Which server? Every alert includes the server identity so you can tell which host sent it when monitoring multiple infra-TAK servers. In Guard Dog → Notifications you can set an optional Server nickname (e.g. Production, Staging). Alerts then show the nickname plus IP/FQDN (e.g. Production (63.250.55.132)). Without a nickname, the subject and body use your configured FQDN and IP from Settings, or the OS hostname if neither is set. Use Save email & nickname to apply the nickname without redeploying; re-deploy or Update after changing server IP or FQDN to refresh the identifier.

Update notifications (infra-TAK, Authentik, MediaMTX, CloudTAK, TAK Portal)

The Updates monitor (under Monitors) runs every 6 hours and checks for newer versions of infra-TAK, Authentik, MediaMTX (binary + web editor), CloudTAK, and TAK Portal. When the set of available updates changes, it sends one email to the same alert address (no spam — same set is not re-sent for 24 hours).

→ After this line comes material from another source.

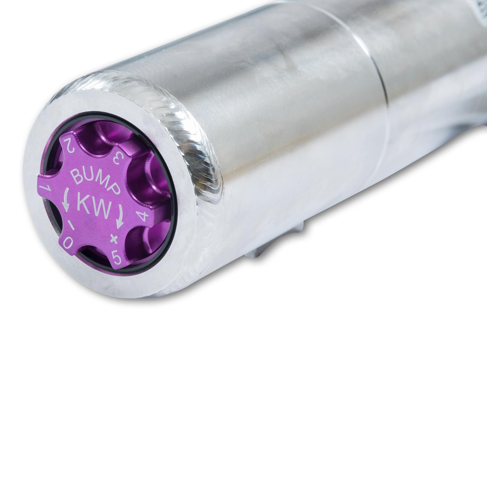 Die patentierte Ventiltechnik von KW ermöglicht eine feinfühlige Anpassung der Dämpfercharakteristik. Dabei können Sie mit 16 Klicks die Zugstufe sowie mit 12 Klicks die Druckstufe exakt einstellen und so Fahrkomfort und Performance nach Ihren Wünschen kombinieren. Durch die stufenlose Tieferlegung zwischen 35–65 mm an Vorder- und Hinterachse lässt sich nicht nur die Optik verbessern, sondern auch die Fahrdynamik maßgeblich steigern.

Not getting update emails?

Set the alert email in Guard Dog → Notifications and click Save email & nickname.
Update Guard Dog (or redeploy) so the updates script on disk gets the current email. The script is only written during deploy/update; changing the email alone does not rewrite it until you click Update.
Mail delivery — Alerts go through the console to localhost:25 (Postfix → your Email Relay). Deploy Email Relay in infra-TAK and use Send test email on the Guard Dog page to verify.
Log — The script logs to /var/log/takguard/updates.log when it runs: "No updates available", "Updates available but already notified", or "Updates email sent to …" (or "FAILED" if mail failed). Run tail -f /var/log/takguard/updates.log after the next 6h run to confirm.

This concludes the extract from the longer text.